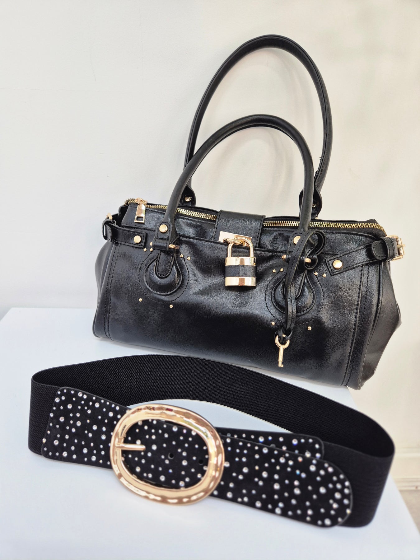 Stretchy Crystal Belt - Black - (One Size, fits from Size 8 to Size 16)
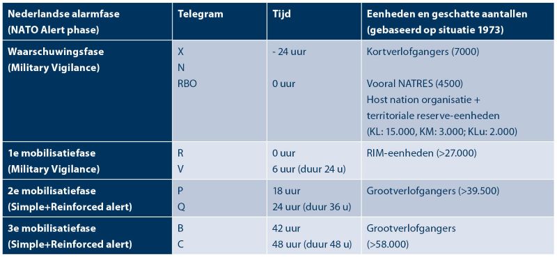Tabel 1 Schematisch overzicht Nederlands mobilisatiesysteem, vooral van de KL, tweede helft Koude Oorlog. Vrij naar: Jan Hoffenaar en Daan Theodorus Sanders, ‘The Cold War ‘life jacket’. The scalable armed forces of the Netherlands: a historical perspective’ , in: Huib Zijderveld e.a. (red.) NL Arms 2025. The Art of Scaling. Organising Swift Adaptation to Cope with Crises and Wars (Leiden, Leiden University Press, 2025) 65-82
※ ※ ※
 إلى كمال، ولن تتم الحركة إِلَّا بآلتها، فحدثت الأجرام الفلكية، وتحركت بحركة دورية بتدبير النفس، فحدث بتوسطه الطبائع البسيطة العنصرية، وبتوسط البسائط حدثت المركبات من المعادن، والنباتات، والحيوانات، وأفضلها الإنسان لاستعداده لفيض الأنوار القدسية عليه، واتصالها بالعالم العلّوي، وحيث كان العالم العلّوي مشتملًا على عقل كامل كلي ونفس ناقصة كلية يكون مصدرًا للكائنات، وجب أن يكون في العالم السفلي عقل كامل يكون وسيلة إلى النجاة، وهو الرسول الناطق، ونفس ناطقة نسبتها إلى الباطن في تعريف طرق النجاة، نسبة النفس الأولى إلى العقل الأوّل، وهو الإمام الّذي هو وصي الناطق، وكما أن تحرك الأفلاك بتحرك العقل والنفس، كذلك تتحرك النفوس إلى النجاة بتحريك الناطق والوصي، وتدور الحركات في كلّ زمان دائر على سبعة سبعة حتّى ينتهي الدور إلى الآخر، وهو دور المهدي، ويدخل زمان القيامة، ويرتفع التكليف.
※ ※ ※
(The problem): Write out exactly the lines above between the one with "Stretchy Crystal Belt" and the one with "Tabel 1 Schematisch", inclusive, with pictures left out.

(Expected output):
 Stretchy Crystal Belt - Black - (One Size, fits from Size 8 to Size 16)
Tabel 1 Schematisch overzicht Nederlands mobilisatiesysteem, vooral van de KL, tweede helft Koude Oorlog. Vrij naar: Jan Hoffenaar en Daan Theodorus Sanders, ‘The Cold War ‘life jacket’. The scalable armed forces of the Netherlands: a historical perspective’ , in: Huib Zijderveld e.a. (red.) NL Arms 2025. The Art of Scaling. Organising Swift Adaptation to Cope with Crises and Wars (Leiden, Leiden University Press, 2025) 65-82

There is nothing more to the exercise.